Material provided:

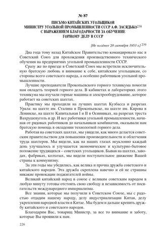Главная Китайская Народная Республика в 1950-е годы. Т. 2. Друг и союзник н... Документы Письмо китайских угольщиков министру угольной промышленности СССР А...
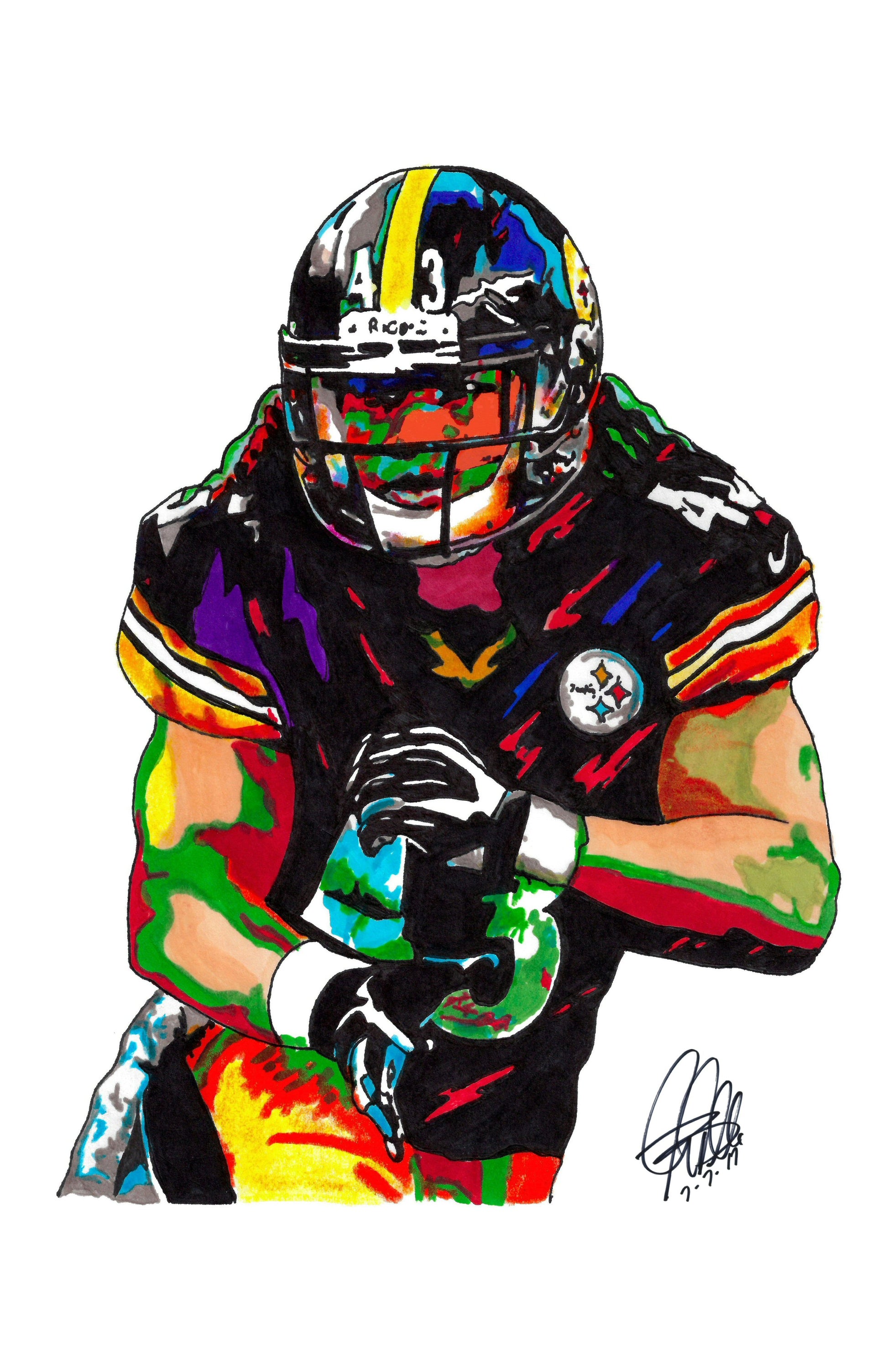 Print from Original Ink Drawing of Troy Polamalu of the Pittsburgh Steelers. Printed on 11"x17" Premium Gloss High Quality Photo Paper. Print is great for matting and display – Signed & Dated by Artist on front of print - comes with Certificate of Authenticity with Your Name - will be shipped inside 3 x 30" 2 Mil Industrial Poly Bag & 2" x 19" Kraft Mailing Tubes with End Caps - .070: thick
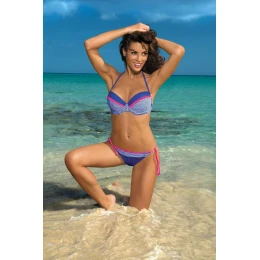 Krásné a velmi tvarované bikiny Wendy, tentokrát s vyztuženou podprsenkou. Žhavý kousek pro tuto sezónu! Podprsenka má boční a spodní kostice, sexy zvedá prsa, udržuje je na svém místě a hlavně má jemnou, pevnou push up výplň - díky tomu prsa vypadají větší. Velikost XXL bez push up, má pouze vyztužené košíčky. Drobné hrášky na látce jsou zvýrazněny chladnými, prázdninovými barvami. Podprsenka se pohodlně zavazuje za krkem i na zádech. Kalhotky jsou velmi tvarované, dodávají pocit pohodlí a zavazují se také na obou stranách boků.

...

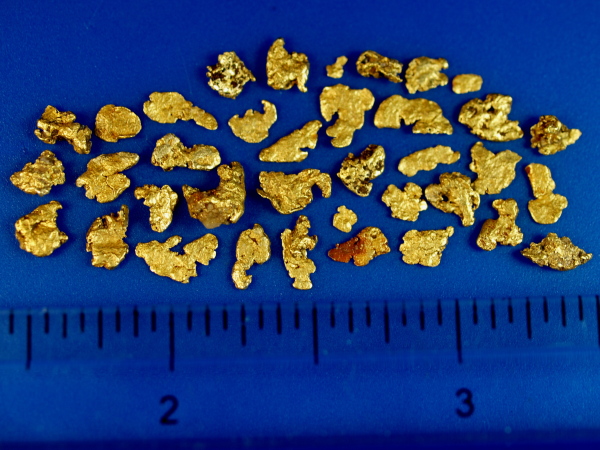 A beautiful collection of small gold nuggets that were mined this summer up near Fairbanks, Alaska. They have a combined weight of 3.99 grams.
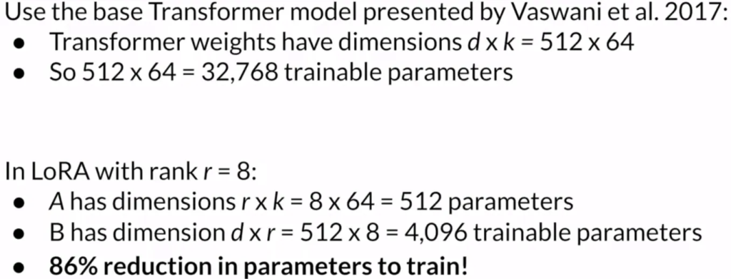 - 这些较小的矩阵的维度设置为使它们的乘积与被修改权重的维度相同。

* * *

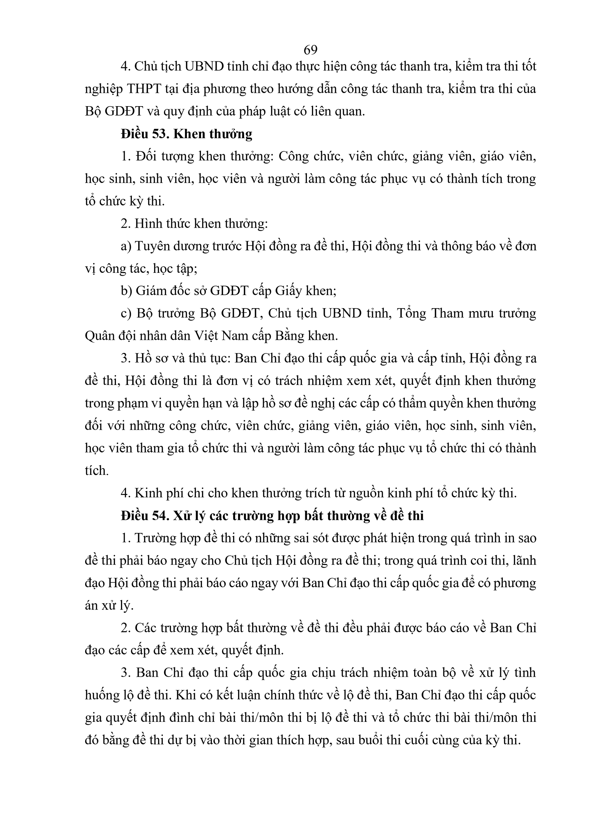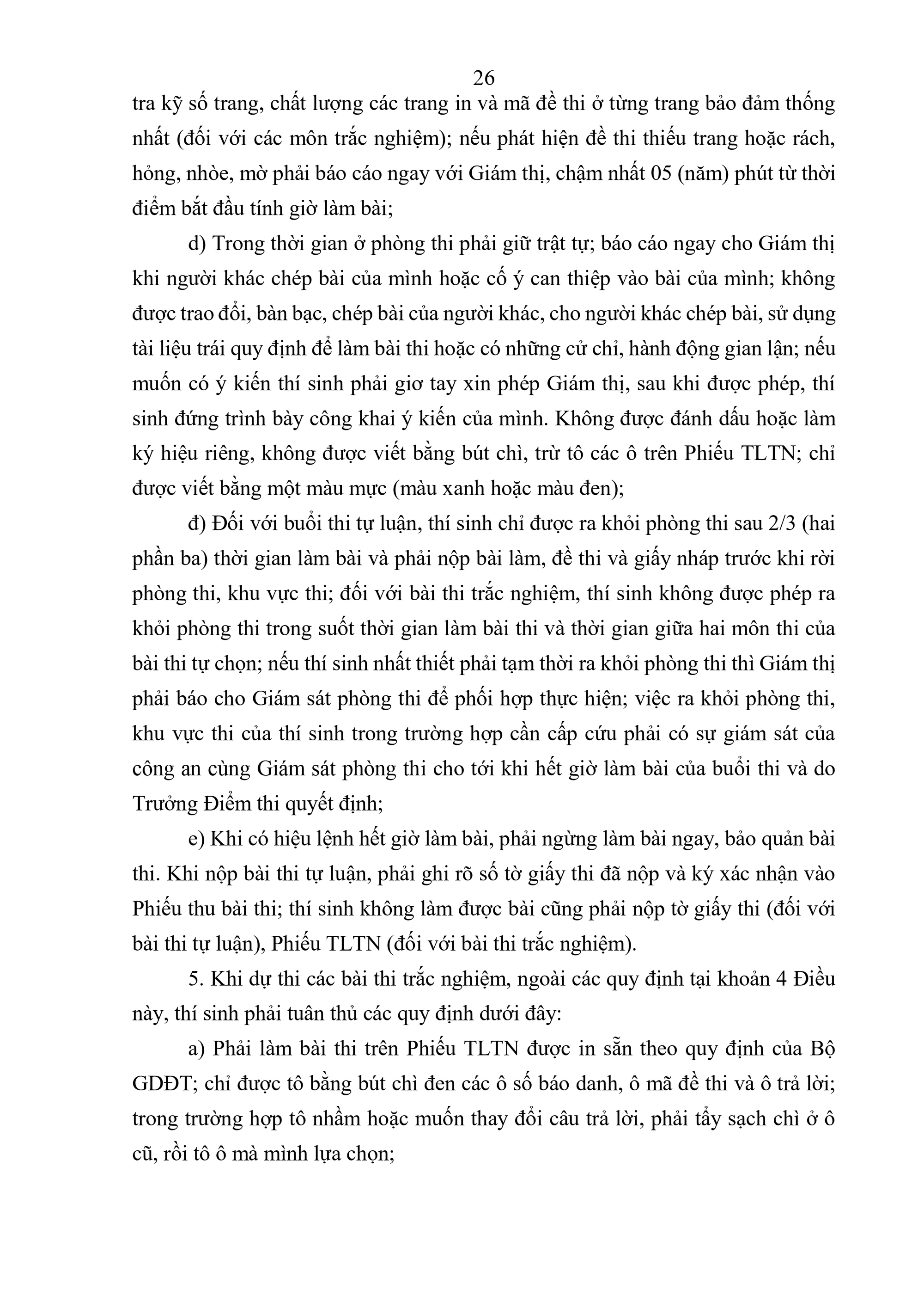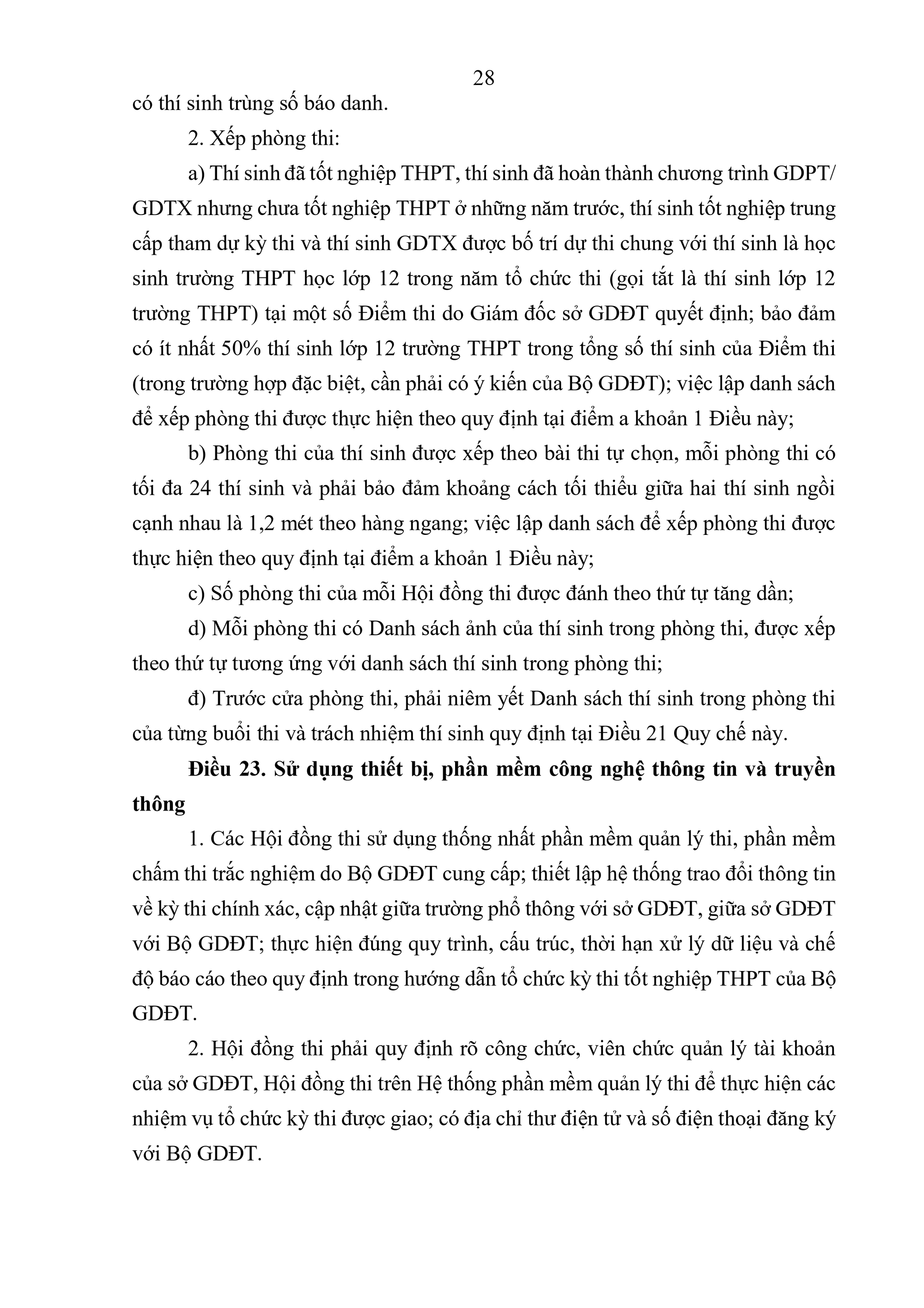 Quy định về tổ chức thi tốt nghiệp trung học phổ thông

Required work:
Exactly the lines above, from the one containing "Главная Китайская Народная" down to the one containing "Print from Original", are to be repeated, including both ends. Pictures are not part of the copy.

Task response:
Главная Китайская Народная Республика в 1950-е годы. Т. 2. Друг и союзник н... Документы Письмо китайских угольщиков министру угольной промышленности СССР А...
 Print from Original Ink Drawing of Troy Polamalu of the Pittsburgh Steelers. Printed on 11"x17" Premium Gloss High Quality Photo Paper. Print is great for matting and display – Signed & Dated by Artist on front of print - comes with Certificate of Authenticity with Your Name - will be shipped inside 3 x 30" 2 Mil Industrial Poly Bag & 2" x 19" Kraft Mailing Tubes with End Caps - .070: thick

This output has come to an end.